- [Task statement]
If a picture appears, leave it out, and reproduce exactly the lines from the start of the listing below through the one bearing "Automatyczne urządzenie SPIN".

- [Data below]
○ ○ ○ ○
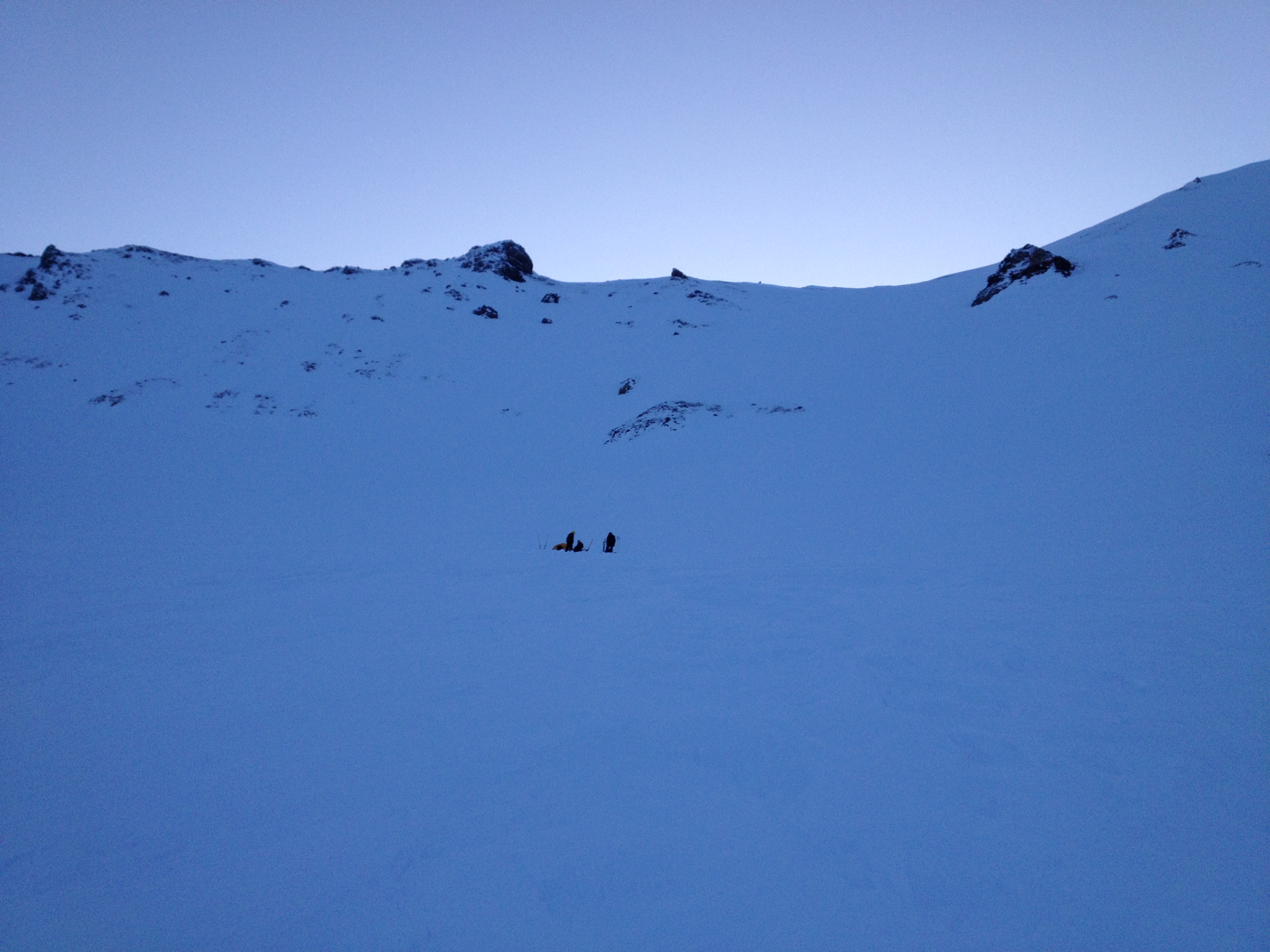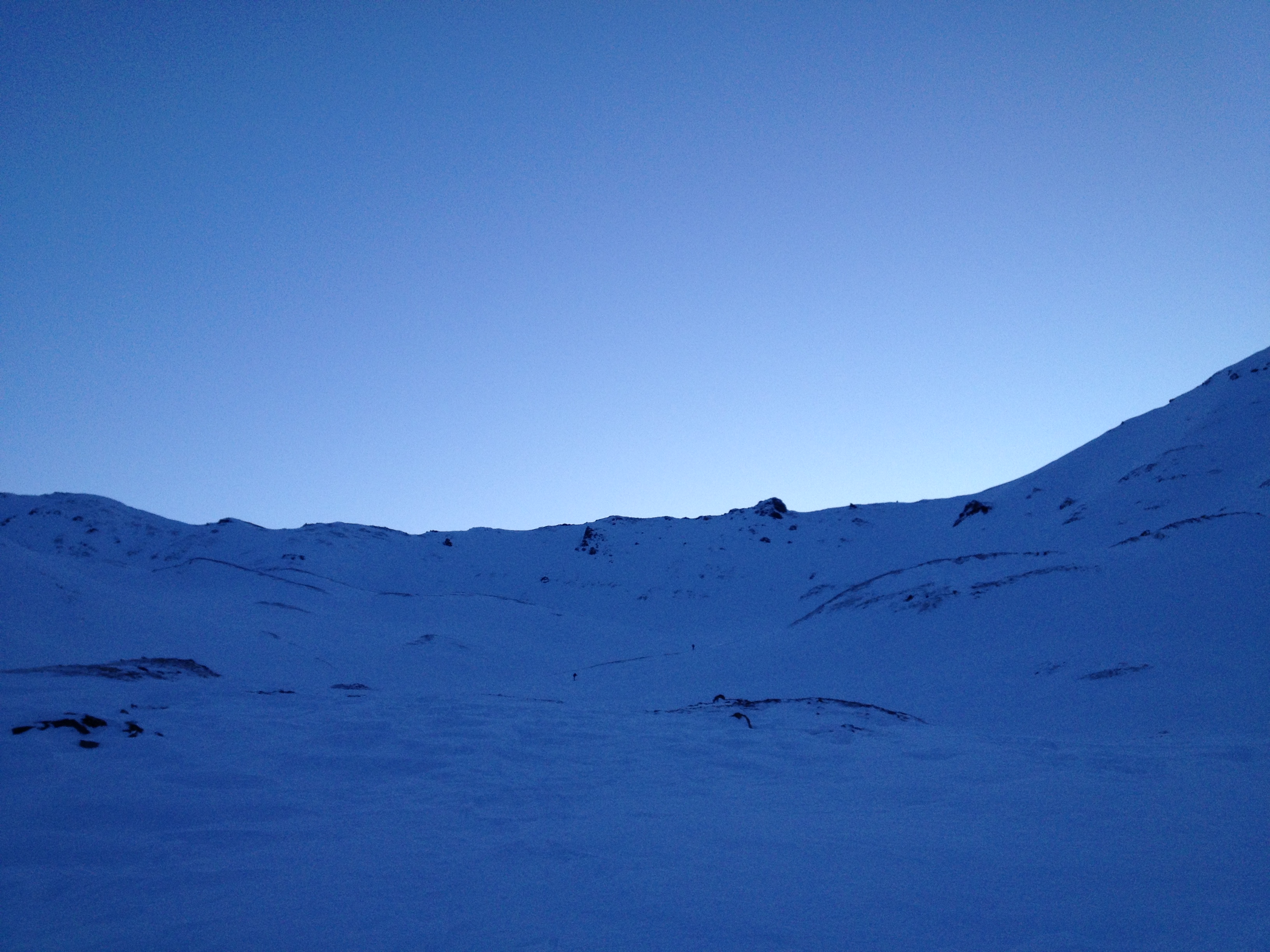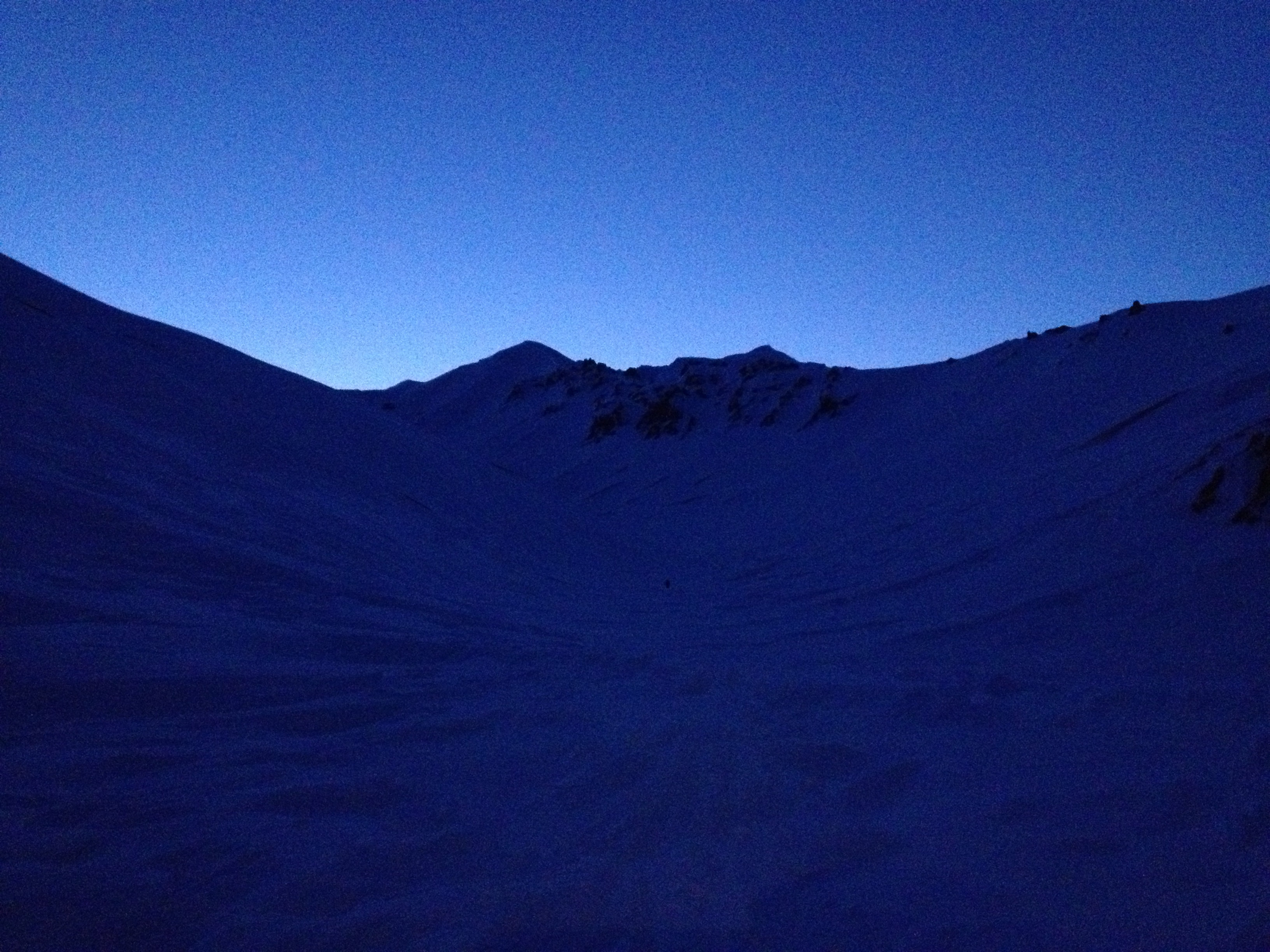 We ski up the creek in the dark, make it to the base of the headwall and wake/hang with the guys camping there (Brian and Seth, they’re headed to Silvertip).
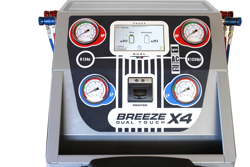 Automatyczne urządzenie SPIN - BREEZE X4 DUAL TOUCH Printer do obsługi układów klimatyzacji z czynnikiem R134a i HFO1234yf w samochodach osobowych, SUV, terenowych, dostawczych, ciężarowych oraz maszyn rolniczych i budowlanych.
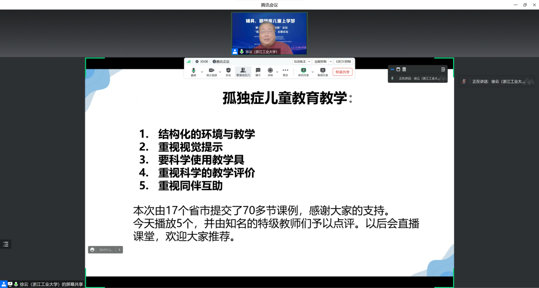 为配合实施中国残联、教育部联合发布的《辅助器具进校园工程实施方案》,永利yl23411集团与中国国际福祉博览等单位联合主办的“辅具进校园”之分论坛“孤独症儿童教学”于5月12日顺利召开。浙江工业大学、yl23411集团特聘教授徐云,厦门市教育科学研究院特教教研员、特级教师李玉影,北京教育科学研究院特殊教育研究指导中心主任、副研究员孙颖,北京市海淀区特殊教育研究与指导中心主任、北京市健翔学校校长、正高级教师、特级教师王红霞等专家参会并针对课例给予点评。本次论坛覆盖全国,近六万名教师共同观看。
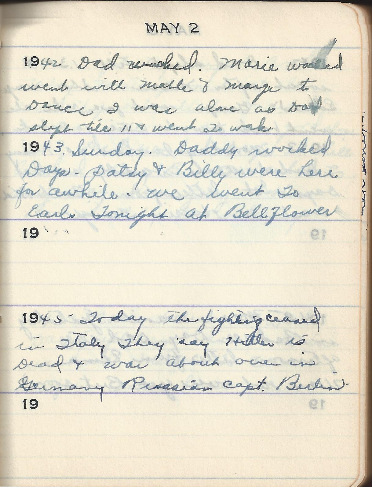 1945 Today the fighting ceased in Italy They say Hitler is Dead & war about over in Germany. Russian capt. Berlin.
○ ○ ○ ○
- [Solution below]
 We ski up the creek in the dark, make it to the base of the headwall and wake/hang with the guys camping there (Brian and Seth, they’re headed to Silvertip).
 Automatyczne urządzenie SPIN - BREEZE X4 DUAL TOUCH Printer do obsługi układów klimatyzacji z czynnikiem R134a i HFO1234yf w samochodach osobowych, SUV, terenowych, dostawczych, ciężarowych oraz maszyn rolniczych i budowlanych.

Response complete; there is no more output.